Aim of the task:
Here the job is to transcribe the data exactly while omitting the images.

____________

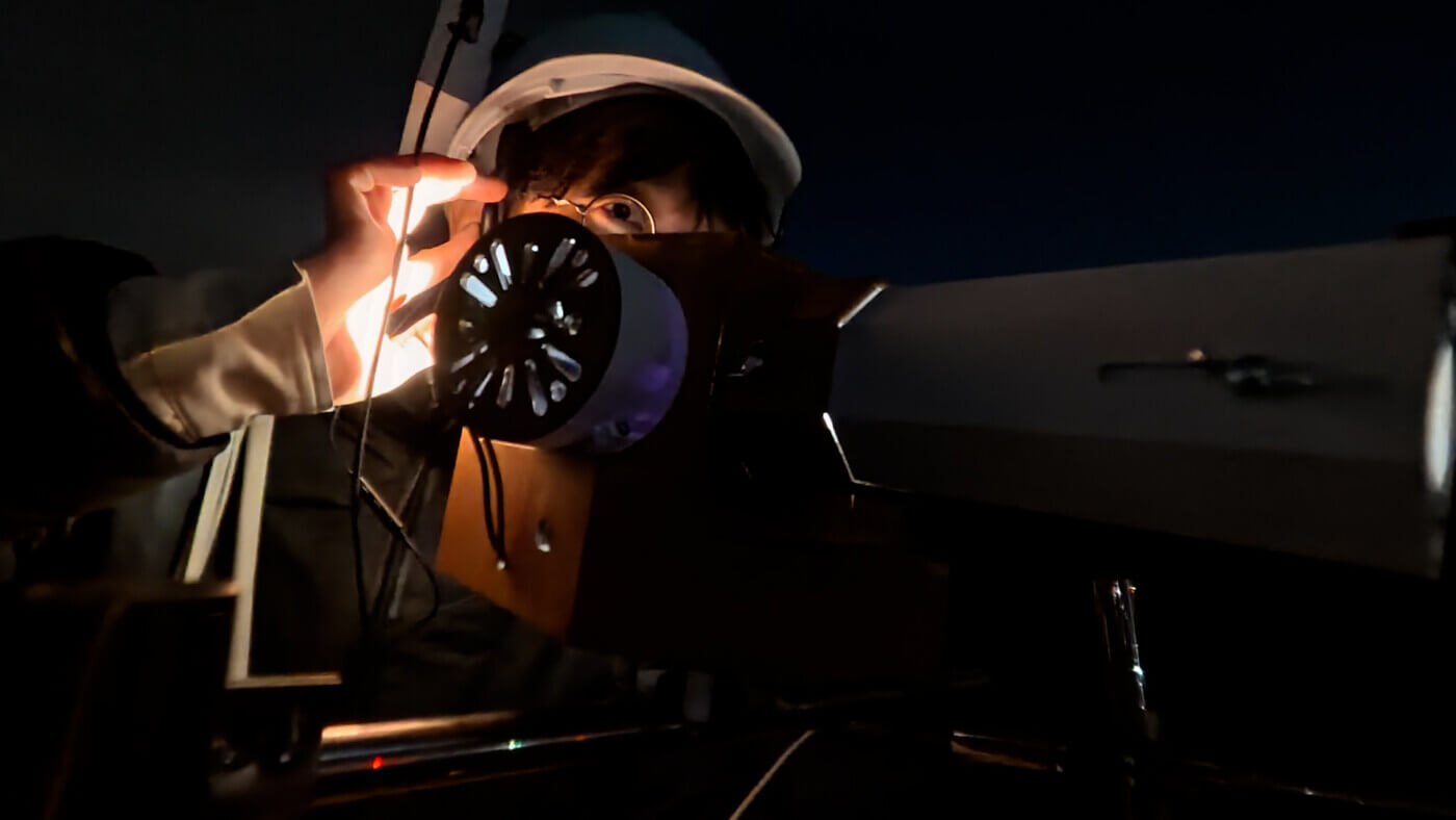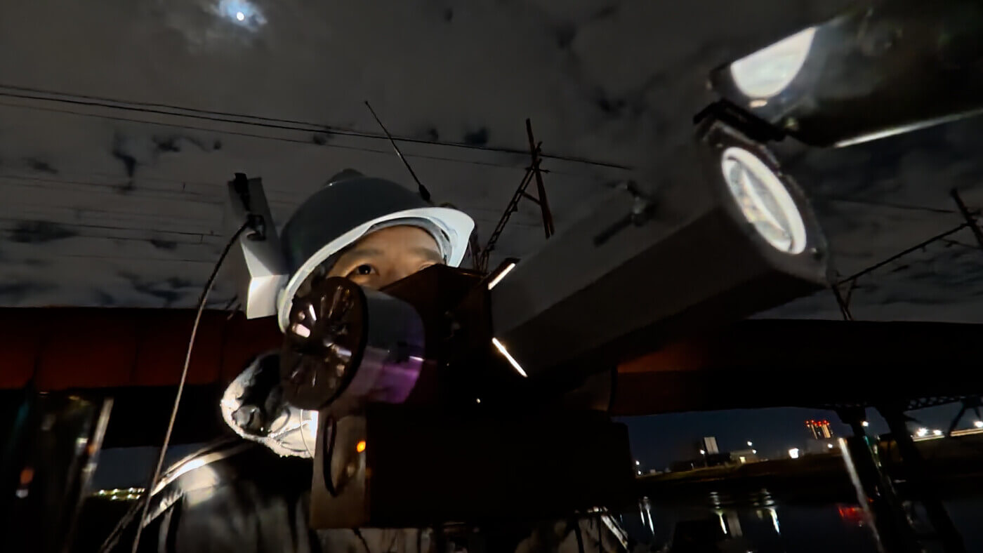 Appeartusは、小林がこれまで制作してきた、唇の像を投影する装置群と映像のシリーズです。同作において、小林は、自作の自転車型装置でのサイクリングを通じて、走行中に発した言葉から詩を作る「ポエトリー・ライディング」を実践してきました。本作(#1)では、大阪・大国町のベトナム系住民らが働く自転車屋「XE ĐẠP TRỢ LỰC OSAKA GIÁ RẺ」に焦点を当て、同店でのインタビューと、大阪・大和川でのポエトリー・ライディングを通じて、彼らの個人的な移動の言葉を収めます。そして、断片のような彼らの言葉から、<移動>を主題に一篇の詩を紡ぎます。
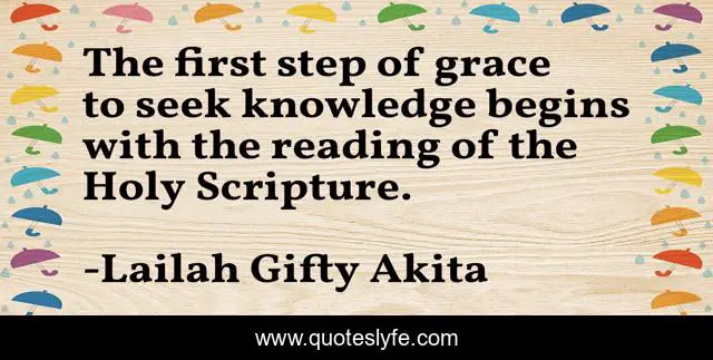 This page presents the quote "The first step of grace to seek knowledge begins with the reading of the Holy Scripture.". Author of this quote is Lailah Gifty Akita. This quote is about confidence, christian, knowledge, read, bible-study, motivational, theology, optimistic, positive,.
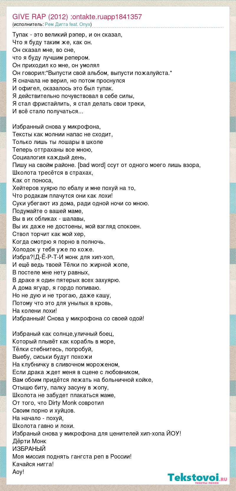 А как ты думаешь, о чем песня "GIVE RAP (2012) :ontakte.ruapp1841357" ?
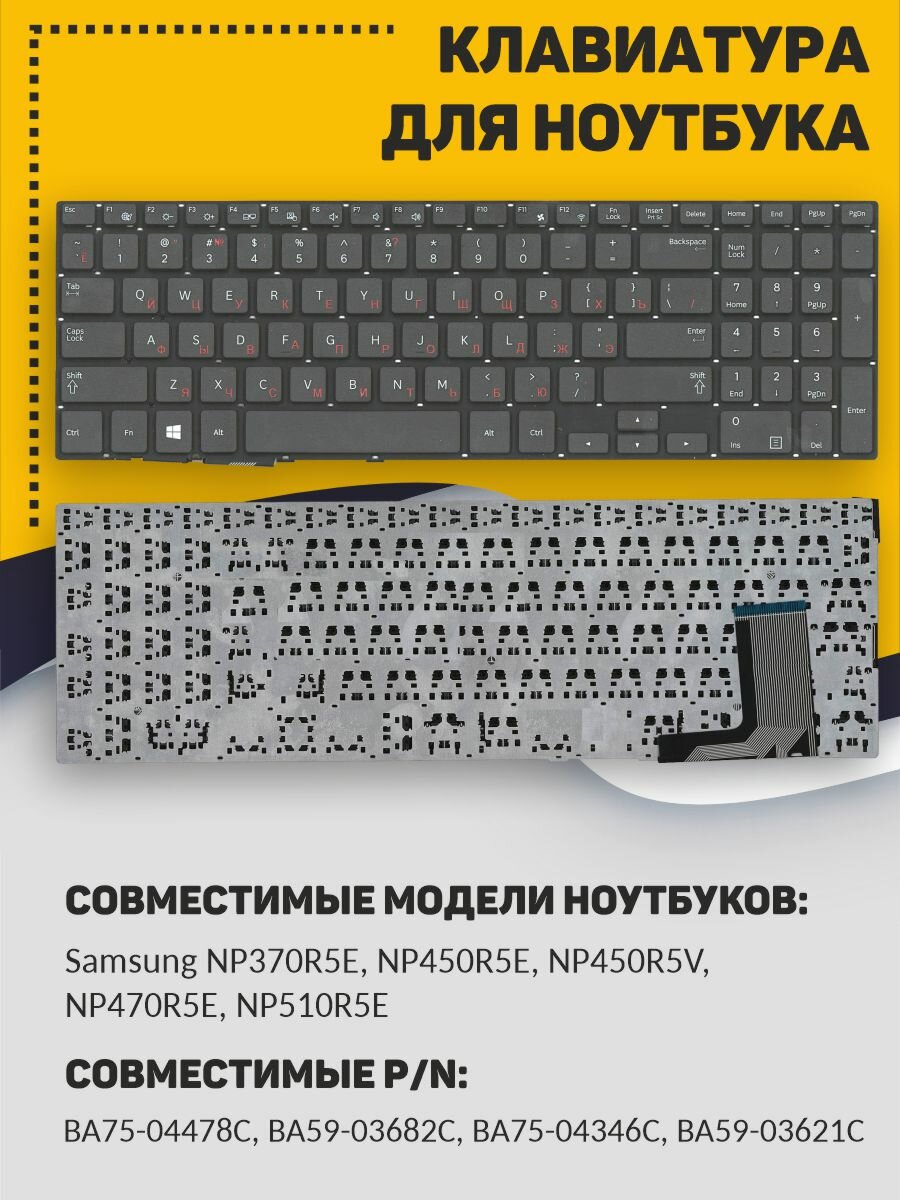 Клавиатура для ноутбука Samsung 370R4E 370R4E-S01 370R5E черная интересное:
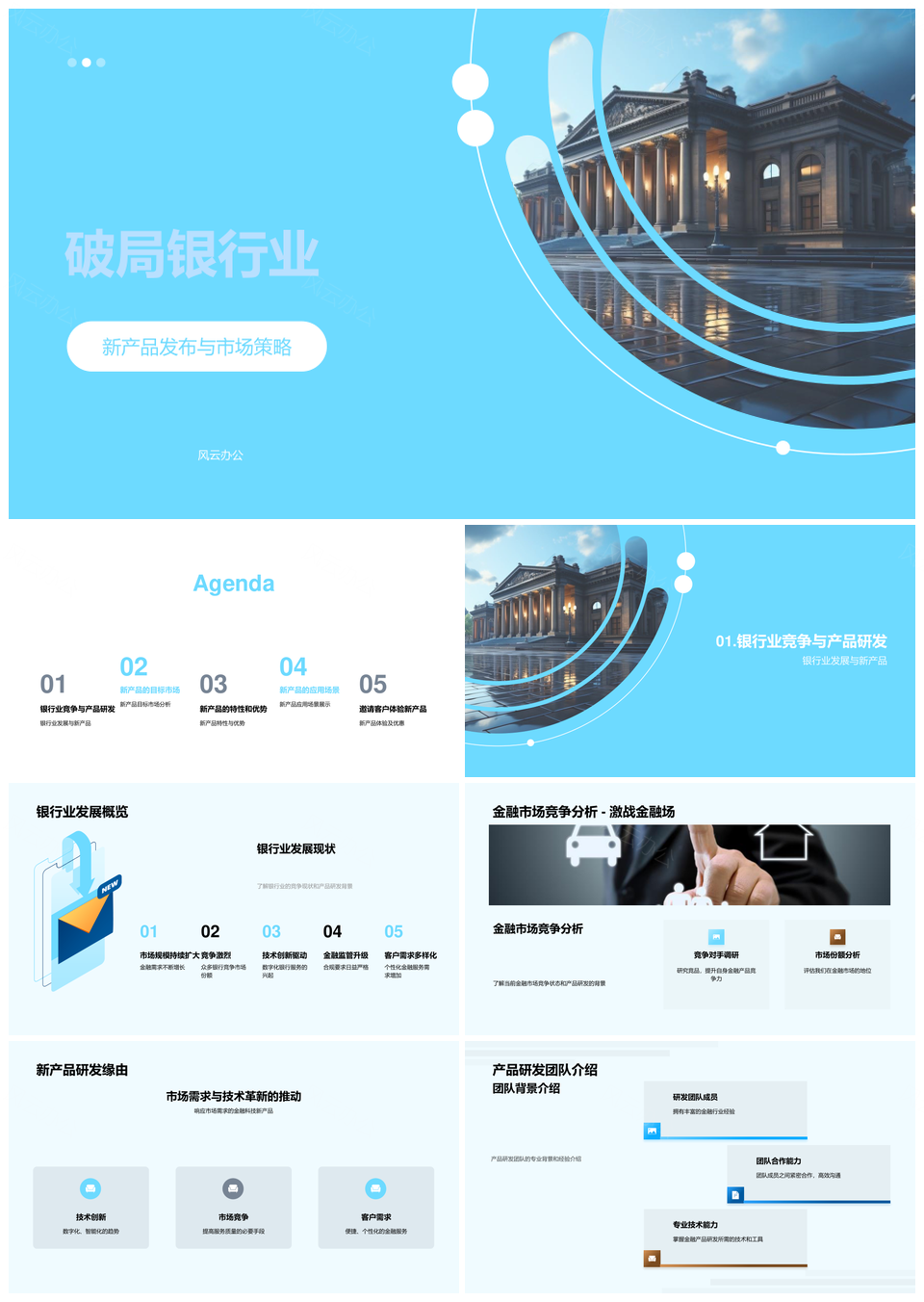 风云办公提供的银行业破局新品发布营销策略活动PPT模板,下载格式为pptx,一共33页,作品中文字及图均可以修改和编辑,图片更改请在作品中右键图片并更换,文字修改请直接点击文字进行修改。

____________

Exercise response:
 Appeartusは、小林がこれまで制作してきた、唇の像を投影する装置群と映像のシリーズです。同作において、小林は、自作の自転車型装置でのサイクリングを通じて、走行中に発した言葉から詩を作る「ポエトリー・ライディング」を実践してきました。本作(#1)では、大阪・大国町のベトナム系住民らが働く自転車屋「XE ĐẠP TRỢ LỰC OSAKA GIÁ RẺ」に焦点を当て、同店でのインタビューと、大阪・大和川でのポエトリー・ライディングを通じて、彼らの個人的な移動の言葉を収めます。そして、断片のような彼らの言葉から、<移動>を主題に一篇の詩を紡ぎます。
 This page presents the quote "The first step of grace to seek knowledge begins with the reading of the Holy Scripture.". Author of this quote is Lailah Gifty Akita. This quote is about confidence, christian, knowledge, read, bible-study, motivational, theology, optimistic, positive,.
 А как ты думаешь, о чем песня "GIVE RAP (2012) :ontakte.ruapp1841357" ?
 Клавиатура для ноутбука Samsung 370R4E 370R4E-S01 370R5E черная интересное:
 风云办公提供的银行业破局新品发布营销策略活动PPT模板,下载格式为pptx,一共33页,作品中文字及图均可以修改和编辑,图片更改请在作品中右键图片并更换,文字修改请直接点击文字进行修改。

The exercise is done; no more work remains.